巴音在草原上也算是天之驕子,自有一股驕矜之氣,對易忠這個素有名聲的悍將也不太看得起,頭昂得高高的,反正這些漢人早晚是他帳下的奴隸。
既然商議定了,易忠也不想在王帳里多待一分鐘,帶著自己的五十騎等在大營邊緣,等西蠻人點兵。他們點出的先鋒兵自然不止一萬人,易忠也懶得管,默默等著就是。
最後易忠帶著巴音為首的將領王嘉峪關城走去,全然不管後面跟著的是什麼人。
在夜色的掩蓋下,這麼一大隊人馬就浩浩蕩蕩多久了嘉峪關城。
「這就是嘉峪關啊,也沒什麼好的。」巴音騎著高頭大馬,站在城內笑話道。
易忠不發一言,騎馬先行。
巴音也不廢話,他知道自己此行最大的功勞就是活捉那個純睿國公,若是不能活捉,有他的人頭也是晉升立威的好東西,忍著心裡的激動,快速跟上。

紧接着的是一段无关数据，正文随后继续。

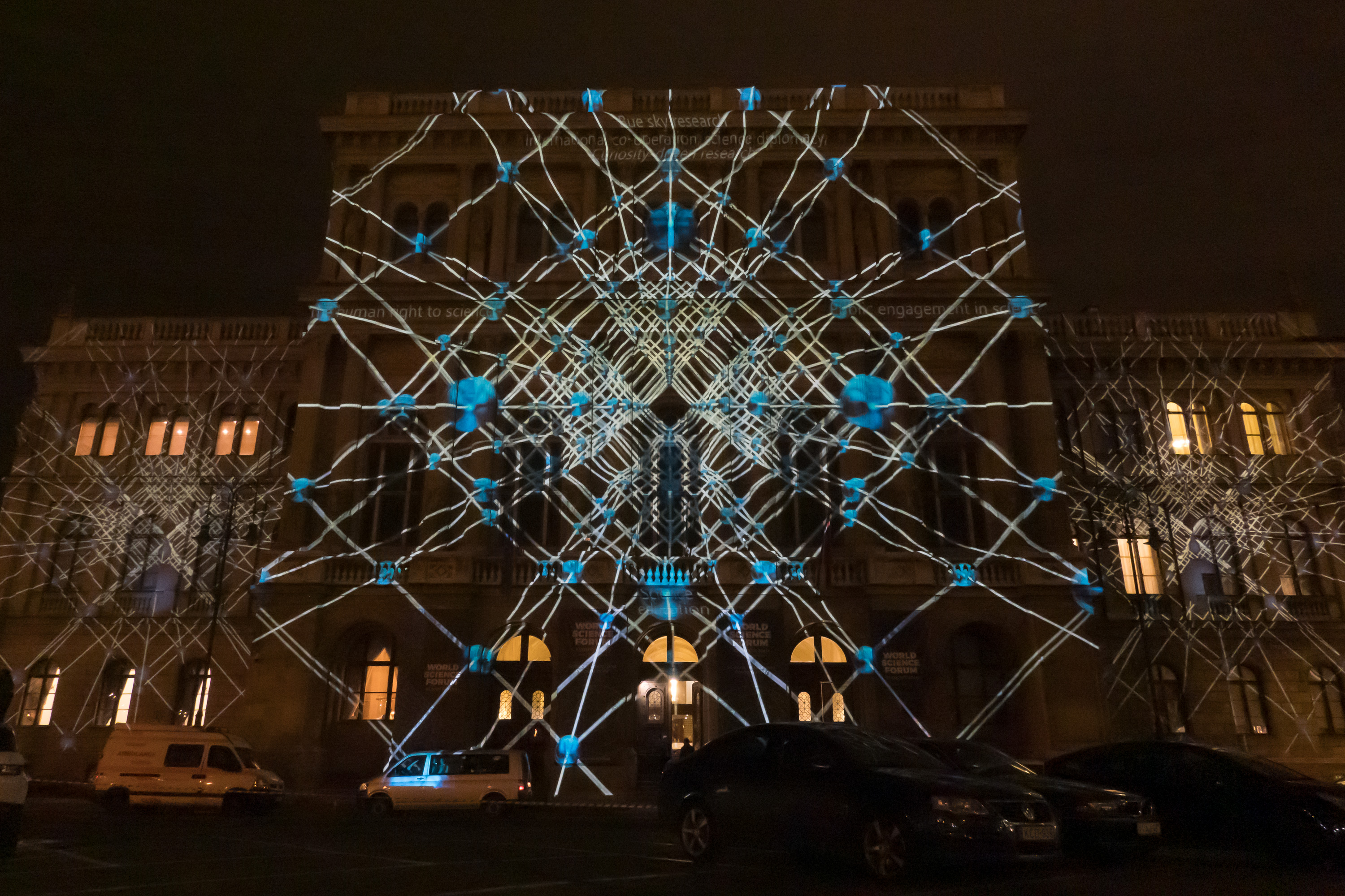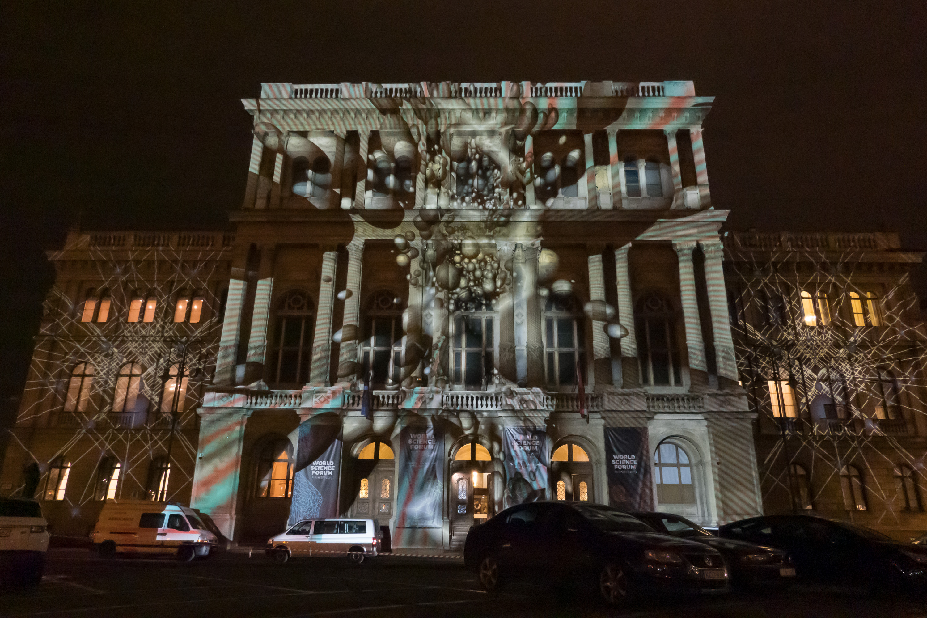Light projection is shown on the facade of the Hungarian Science Academy as a side event of the World Science Forum in Budapest, Hungary. (Photo by Attila Volgyi/Xinhua)

西蠻人再對馬匹熟悉,也不能讓這麼多馬匹在一起不發出聲音,易忠的五十騎在前面開路,看到有打更的和富貴人家守門的就上前打暈他們。
巴音撇嘴,真是婦人之仁,對待下人奴隸都這樣心慈手軟,這樣的將軍還想帶兵,哼!他們進了城,這些人遲早是刀下鬼,現在死和待會兒死有什麼分別。
巴音不屑易忠的作為,跟在隊伍中的真正做主的絡腮鬍子老將倒是心裡滿意,看來易忠是真的想和他們合作,這片街區有零星的燈火,也有打更守門的下人,看來真的沒有驚動純睿國公。老將心喜易忠對他們抱有天真的希望,也忍著自己的野心,等他們活捉的純睿國公,嘿嘿……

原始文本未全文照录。